Caroline Catherman, Orlando Sentinel on

Published in News & Features

ORLANDO, Fla. — With a recent influx of state money, Central Florida colleges with high-performing nursing programs hired more faculty, built new facilities and expanded their programs to accept additional qualified applicants.

Yet it’s still not enough to end a nursing shortage that is predicted to leave Florida with 21,000 unfilled jobs this year and more in the future.

A 2021 report from the Florida Hospital Association and the Safety Net Hospital Alliance of Florida projected that Florida would face a 59,000-nurse shortage by 2035 amid an aging and growing population.

Florida, the report said, needs to increase sharply the number of nursing school graduates.

Currently, high-quality Florida nursing programs — among them the University of Central Florida’s College of Nursing — turn away qualified applicants because of a lack of capacity. The state also has the lowest first-time pass rate on the national nursing licensing exam, called NCLEX, fueled by poor-performing schools.

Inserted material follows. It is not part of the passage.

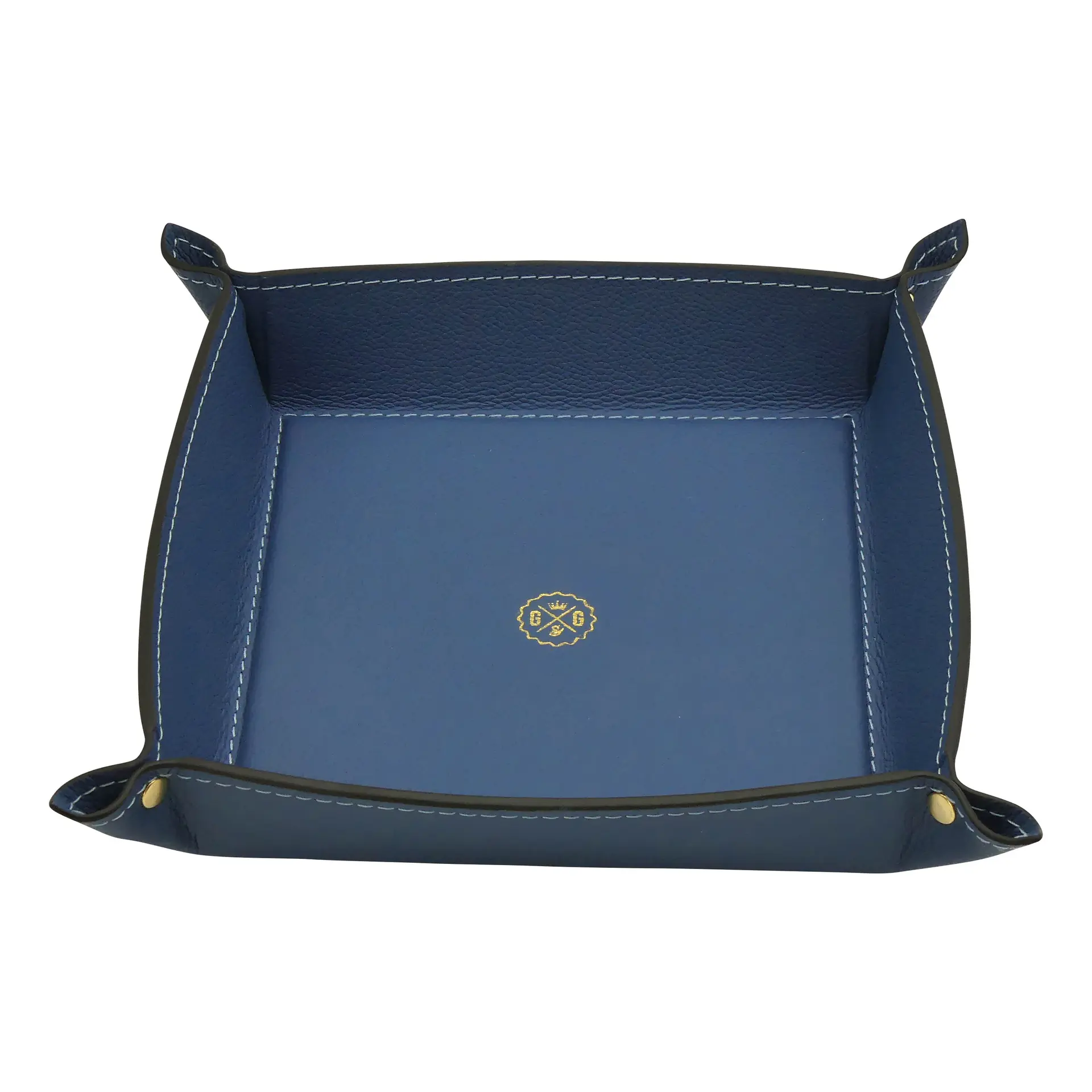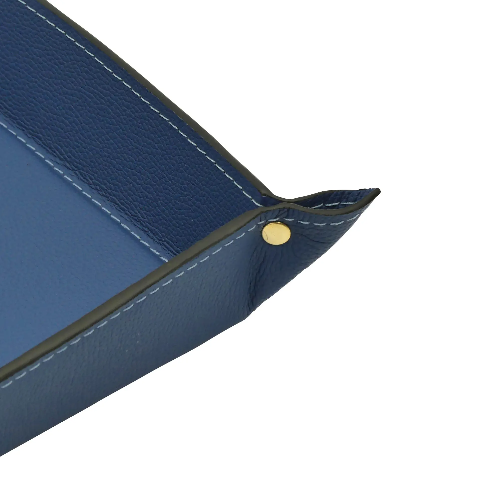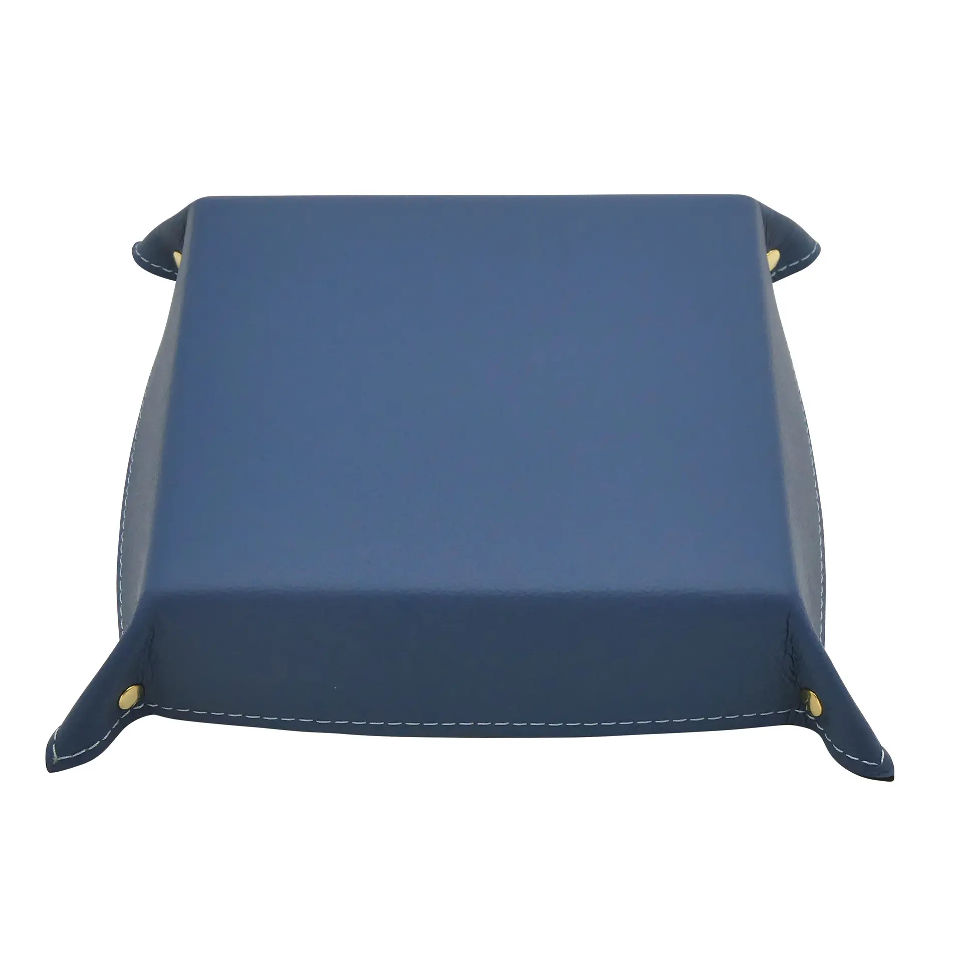 Collection Arthur - Ocean Blue Leather Valet Tray With Eyelets - Size Medium - 18,00cm x 18,00cm x 4,50cm - Weight : 200 Gr - Gordon & Gaia

In the 2022-23 school year, the average Florida nursing program had about 217 qualified applicants but could only accommodate 148, according to a report by the Florida Center for Nursing, a state center headquartered at the University of South Florida College of Nursing.

 

The center found 76% of Florida students passed the NCLEX-RN exam on their first try in 2023, compared to about 88% nationwide.

Nursing education leaders say the key to solving this issue is to further increase funding and enrollment at high-quality, accredited schools, where passing rates often exceed the national average, and come down harder on for-profit and nonaccredited schools, which are more likely to produce graduates unprepared to join the workforce. Last quarter, at some of those schools, not a single graduate passed the nursing exam on their first attempt.

Florida has invested hundreds of millions of dollars over the past two years to expand state school nursing programs.

The College of Central Florida, UCF, Seminole State College of Florida, Polk State College and Lake-Sumter College all had 100% first-time pass rates in the most recent quarter, according to the State Board of Nursing. Valencia College’s graduates had an 89% pass rate.